## TASK ITEM
Further down are entries; set down exactly and only the lines from the one with "このたび、東日本地域でのラム" up to and including the one with "Concentrează-te pe o", dropping each picture.

## DATA RECORDS

--------

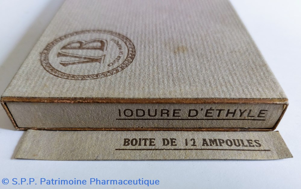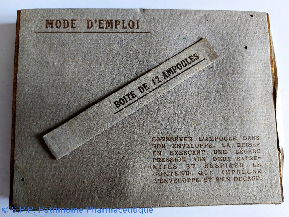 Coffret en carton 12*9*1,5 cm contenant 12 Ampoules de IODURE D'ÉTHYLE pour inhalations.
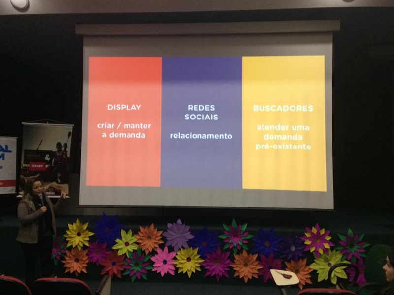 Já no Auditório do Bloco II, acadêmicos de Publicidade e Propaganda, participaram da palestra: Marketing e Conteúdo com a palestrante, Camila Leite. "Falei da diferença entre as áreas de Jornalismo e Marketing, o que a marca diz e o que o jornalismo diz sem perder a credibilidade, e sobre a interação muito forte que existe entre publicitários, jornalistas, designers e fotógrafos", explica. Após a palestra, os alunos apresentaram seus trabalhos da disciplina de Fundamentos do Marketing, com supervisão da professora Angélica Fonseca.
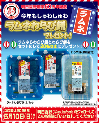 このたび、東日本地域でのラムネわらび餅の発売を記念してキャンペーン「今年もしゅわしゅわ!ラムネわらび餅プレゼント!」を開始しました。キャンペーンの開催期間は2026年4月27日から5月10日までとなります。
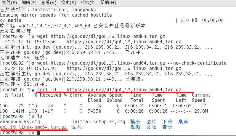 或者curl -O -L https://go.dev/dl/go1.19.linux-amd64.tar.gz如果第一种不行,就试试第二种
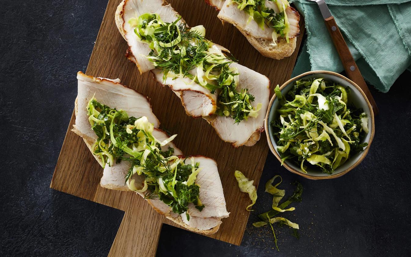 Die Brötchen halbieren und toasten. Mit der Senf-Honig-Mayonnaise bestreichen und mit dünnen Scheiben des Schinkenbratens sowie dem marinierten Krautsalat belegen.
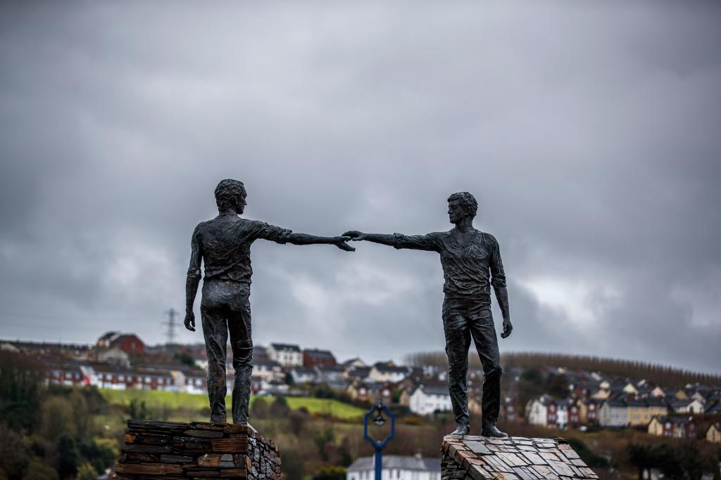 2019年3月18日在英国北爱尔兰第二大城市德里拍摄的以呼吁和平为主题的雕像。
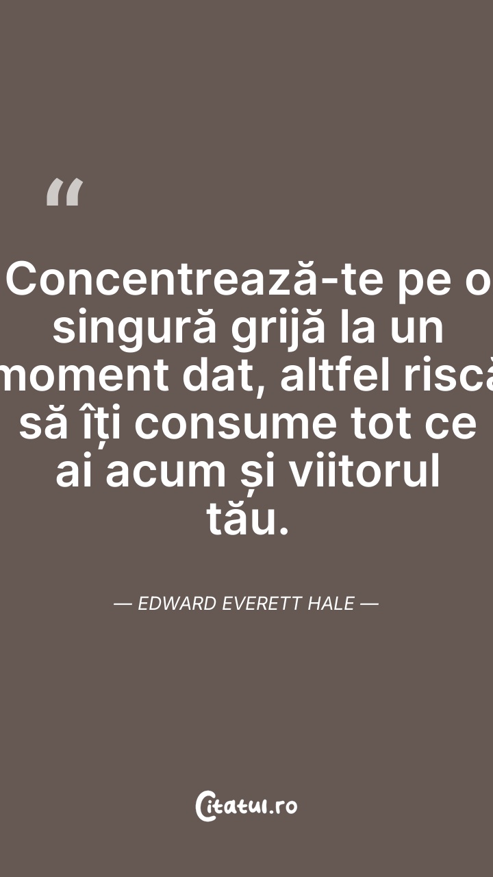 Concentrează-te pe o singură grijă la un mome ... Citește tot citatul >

--------

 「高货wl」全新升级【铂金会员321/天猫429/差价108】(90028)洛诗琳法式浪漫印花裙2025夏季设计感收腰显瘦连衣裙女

--------

## YOUR RESPONSE
 このたび、東日本地域でのラムネわらび餅の発売を記念してキャンペーン「今年もしゅわしゅわ!ラムネわらび餅プレゼント!」を開始しました。キャンペーンの開催期間は2026年4月27日から5月10日までとなります。
 或者curl -O -L https://go.dev/dl/go1.19.linux-amd64.tar.gz如果第一种不行,就试试第二种
 Die Brötchen halbieren und toasten. Mit der Senf-Honig-Mayonnaise bestreichen und mit dünnen Scheiben des Schinkenbratens sowie dem marinierten Krautsalat belegen.
 2019年3月18日在英国北爱尔兰第二大城市德里拍摄的以呼吁和平为主题的雕像。
 Concentrează-te pe o singură grijă la un mome ... Citește tot citatul >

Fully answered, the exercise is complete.